Friday, February 4, 2011

The Heaven and Hell Question

Back in my protestant days, I remember a pastor talk about a question whose answer would be a good predictor of whether that person is going to heaven or hell. Not a question about faith or any subjective, internal matter - a question about externals. He didn't believe in works-righteousness but saw works as purely evidence of saving grace. Still one should be able to examine evidence.

So what question would best show the existence of saving grace? His suggestion was a question about financial giving. It was partly based on his pastoral experience. When you look at the giving you see who are the true believers and who are just playing games. It was partly based on theory. Giving is something done in private and it is something easy to cut corners with.Only someone with true faith would give generously in a materialistic culture.

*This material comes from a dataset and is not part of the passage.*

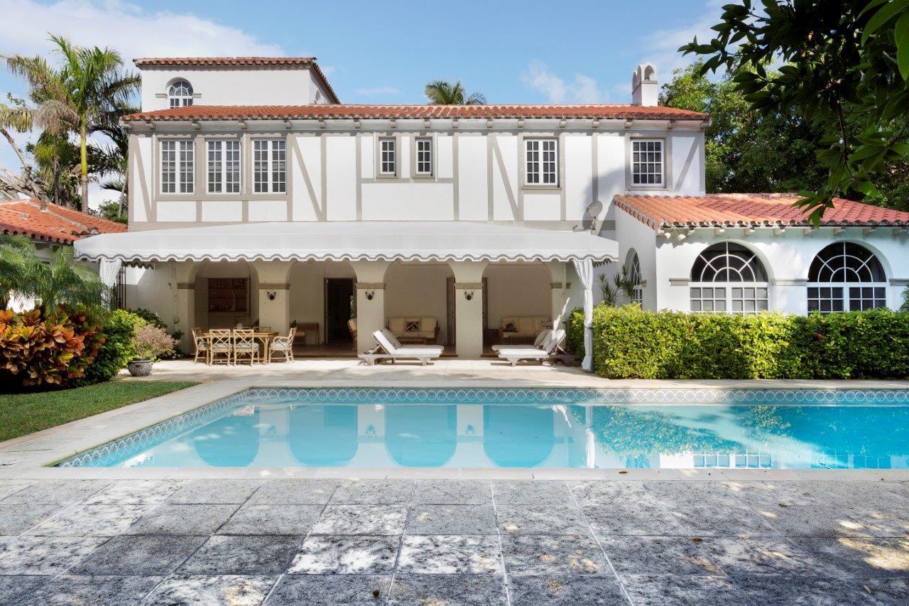 Landmarked Maurice Fatio in the Estate Section of Palm Beach. Built in 1930 in the Mediterranean Revival style and owned by the architect when built. The half-timbered facade is an unusual feature for the style, yet it is a good example of the work of the master architect. The 3rd floor tower is designed as a mirador with casement windows giving views of the Atlantic Ocean and the Intracoastal. The home sits high on a nicely elevated lot of nearly 1/2 acre. Many original details, including the flooring, remain to be restored or renovated. The large, covered loggia has pecky cypress ceiling, seating & dining areas, a wet bar, cabana powder room, all surrounding the large pool. A 2BR/1BA guest apartment over the garage w/efficiency kitchen.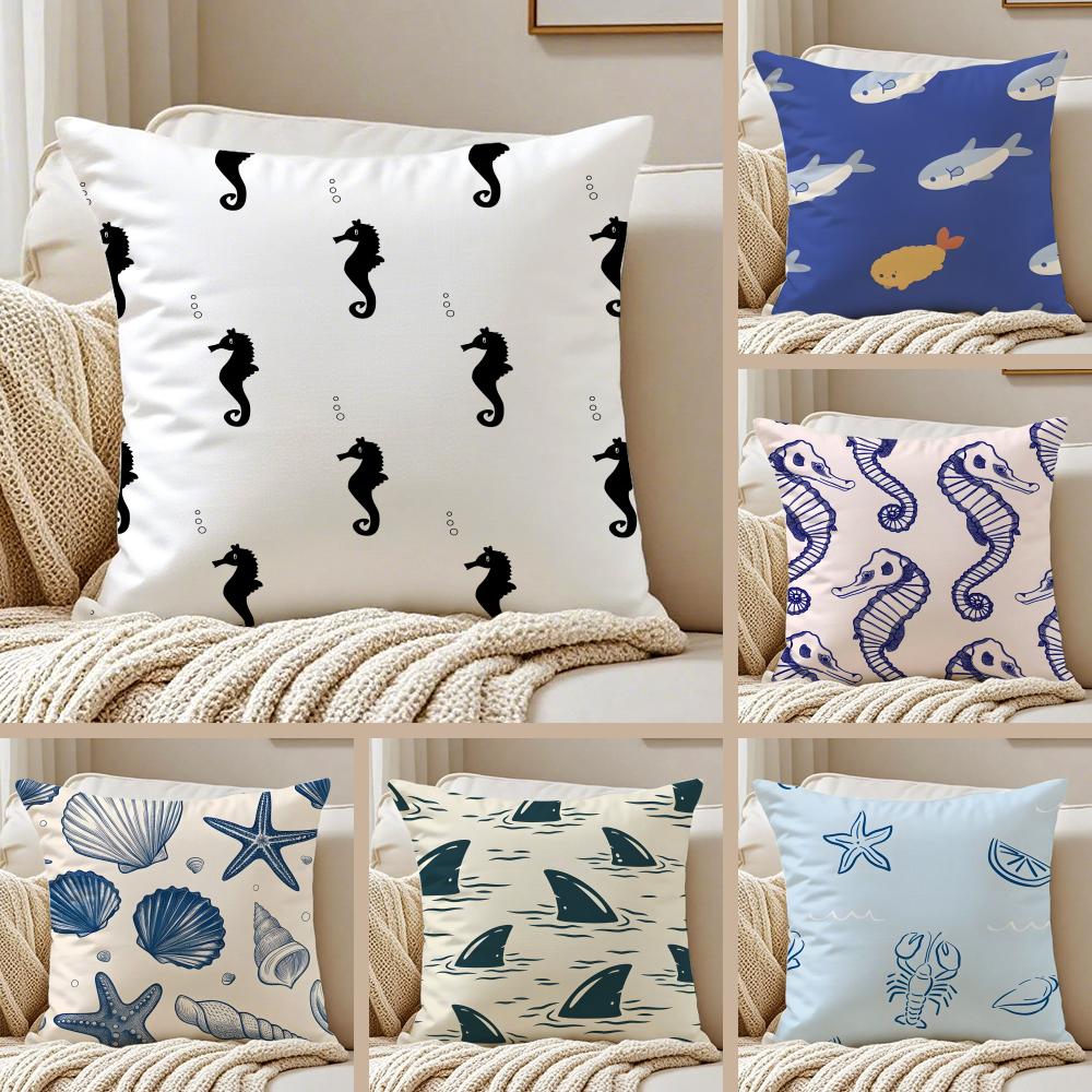 Casual Marine Organism Cushion Cover Pillowcase Antidustmite Invisible Zipper Short Plush Sofa Cushion

As a Catholic I still liked that question but more recently I was thinking there may be a better one. That question? How often do you go to confession? Again it is a private matter. Nobody goes to show off. But it more directly shows if you are serious about fighting sin in your life. Do you examine your conscience? Do you find yourself guilty of sin. Are you concerned enough about that to actually go to the sacrament? If that is happening then you are on the road to heaven. If it is not then you should be very concerned.

So what about protestants? This new question seems to leave them out. Not really. They do examine their conscience. They do find themselves guilty of sin. What they do at that moment is often a lot like confession. They talk to their pastor or a friend about the sin. They might answer an altar call at their next service. They might book a retreat. They might spend time prayerfully reading a book on the subject. They know they need to do something. They just don't know what. They are often looking for closure. There is nobody with the authority to give them absolution yet they intuitively know this process of dealing with this sin must end at an appropriate time. So often you will hear them talk about a feeling they have during worship that God is telling them to move on.

The Catholic sacrament is a beautiful way of doing that whole process. You must say the actual sin. As a protestant it is tempting to just say. "Pray for me because I am struggling with something." Catholics have no chance of avoiding actually telling another person what the sin is. That is a good thing. Like Jesus with the blind Bartimaeus in Mark 10. He asks, “What do you want me to do for you?” He makes Bartimaeus specifically ask for sight. Why? Isn't it obvious he wants to see? Because something happens when we take an unspoken desire and we say it out loud to another person. The matter becomes more clear. We swallow our pride. We declare our faith in Jesus' ability to help us. He is God and we are begging for His forgiveness.

Then there is the matter of penance. I wish priests would take this more seriously. It has a lot of potential do a lot of spiritual good but it isn't realized because priests give such wimpy penances. When I go to confession I try and mention that I say the rosary often or that I do adoration regularly. Not to brag about how holy I am but to try and tip them off that they can give me a harder penance and it would be OK -even beneficial. It does not work. They give me a penance like 3 Hail Mary's or one Our Father. I believe in the idea of penance but I think it has to require a little more effort than that to be effective.